### Records provided
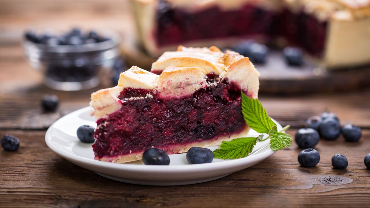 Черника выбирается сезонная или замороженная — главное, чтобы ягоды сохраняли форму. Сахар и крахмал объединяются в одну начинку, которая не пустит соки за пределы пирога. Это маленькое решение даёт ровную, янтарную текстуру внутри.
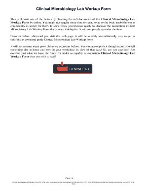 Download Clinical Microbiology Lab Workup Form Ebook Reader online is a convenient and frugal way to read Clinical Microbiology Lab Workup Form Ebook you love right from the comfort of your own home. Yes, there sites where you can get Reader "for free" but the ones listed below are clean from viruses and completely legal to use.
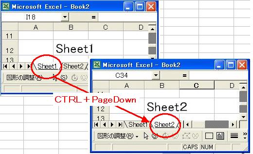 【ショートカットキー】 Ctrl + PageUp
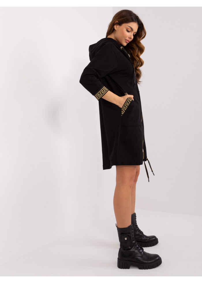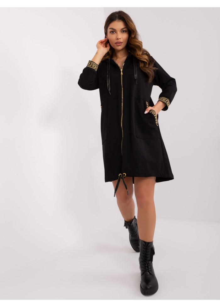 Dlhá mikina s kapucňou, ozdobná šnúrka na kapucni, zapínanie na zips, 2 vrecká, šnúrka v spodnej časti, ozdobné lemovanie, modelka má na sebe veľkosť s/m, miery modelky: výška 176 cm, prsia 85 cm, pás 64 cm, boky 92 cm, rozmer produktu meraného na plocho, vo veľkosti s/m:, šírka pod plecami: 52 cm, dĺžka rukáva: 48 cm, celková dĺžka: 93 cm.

* * *

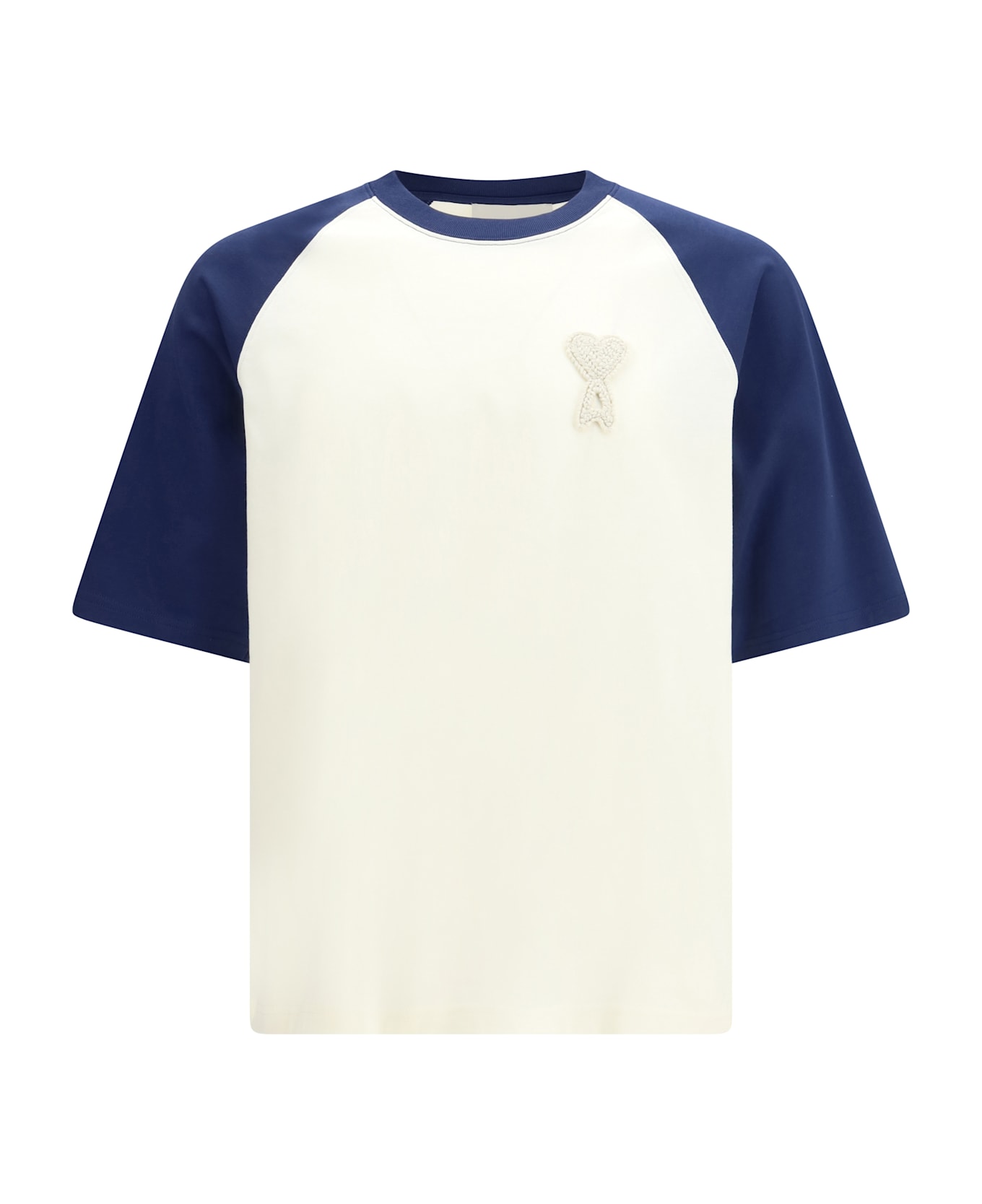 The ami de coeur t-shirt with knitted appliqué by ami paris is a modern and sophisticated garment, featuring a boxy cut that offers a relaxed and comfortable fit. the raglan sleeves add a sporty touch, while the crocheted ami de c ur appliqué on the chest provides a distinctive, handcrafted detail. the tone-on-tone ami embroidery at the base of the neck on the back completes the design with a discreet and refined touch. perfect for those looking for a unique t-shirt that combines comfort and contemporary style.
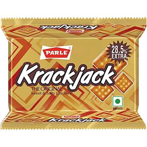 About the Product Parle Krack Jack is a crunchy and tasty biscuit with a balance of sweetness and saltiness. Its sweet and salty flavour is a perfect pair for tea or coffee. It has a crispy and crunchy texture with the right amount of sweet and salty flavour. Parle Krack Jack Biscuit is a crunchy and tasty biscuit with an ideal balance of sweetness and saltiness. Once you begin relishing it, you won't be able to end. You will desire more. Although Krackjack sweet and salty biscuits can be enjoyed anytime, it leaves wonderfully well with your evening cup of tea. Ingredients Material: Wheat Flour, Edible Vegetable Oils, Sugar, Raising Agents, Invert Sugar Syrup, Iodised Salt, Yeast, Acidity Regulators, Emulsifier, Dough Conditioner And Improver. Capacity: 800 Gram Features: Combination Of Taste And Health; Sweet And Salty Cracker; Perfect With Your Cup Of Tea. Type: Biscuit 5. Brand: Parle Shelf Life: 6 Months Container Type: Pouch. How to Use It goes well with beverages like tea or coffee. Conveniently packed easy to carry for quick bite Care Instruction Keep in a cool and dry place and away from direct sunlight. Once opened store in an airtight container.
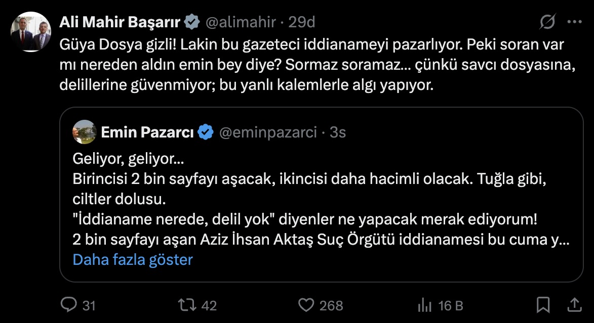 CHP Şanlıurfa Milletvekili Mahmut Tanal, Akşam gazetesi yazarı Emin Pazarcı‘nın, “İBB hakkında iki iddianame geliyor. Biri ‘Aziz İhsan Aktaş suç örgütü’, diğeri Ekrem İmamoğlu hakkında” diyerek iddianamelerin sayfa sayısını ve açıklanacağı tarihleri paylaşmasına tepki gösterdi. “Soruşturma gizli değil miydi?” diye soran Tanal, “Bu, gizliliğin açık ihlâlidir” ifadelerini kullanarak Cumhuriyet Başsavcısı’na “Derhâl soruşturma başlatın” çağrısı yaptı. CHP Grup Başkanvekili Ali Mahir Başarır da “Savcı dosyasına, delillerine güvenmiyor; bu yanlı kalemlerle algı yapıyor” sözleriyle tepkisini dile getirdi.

---

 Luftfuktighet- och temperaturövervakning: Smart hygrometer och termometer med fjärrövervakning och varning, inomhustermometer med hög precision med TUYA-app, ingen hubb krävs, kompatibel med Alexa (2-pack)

### Try it
From the records above, return exactly the lines running from the one that contains "Download Clinical Microbiology" down to the one that contains "Dlhá mikina s", both included, without any pictures.

### Solution to the exercise
 Download Clinical Microbiology Lab Workup Form Ebook Reader online is a convenient and frugal way to read Clinical Microbiology Lab Workup Form Ebook you love right from the comfort of your own home. Yes, there sites where you can get Reader "for free" but the ones listed below are clean from viruses and completely legal to use.
 【ショートカットキー】 Ctrl + PageUp
 Dlhá mikina s kapucňou, ozdobná šnúrka na kapucni, zapínanie na zips, 2 vrecká, šnúrka v spodnej časti, ozdobné lemovanie, modelka má na sebe veľkosť s/m, miery modelky: výška 176 cm, prsia 85 cm, pás 64 cm, boky 92 cm, rozmer produktu meraného na plocho, vo veľkosti s/m:, šírka pod plecami: 52 cm, dĺžka rukáva: 48 cm, celková dĺžka: 93 cm.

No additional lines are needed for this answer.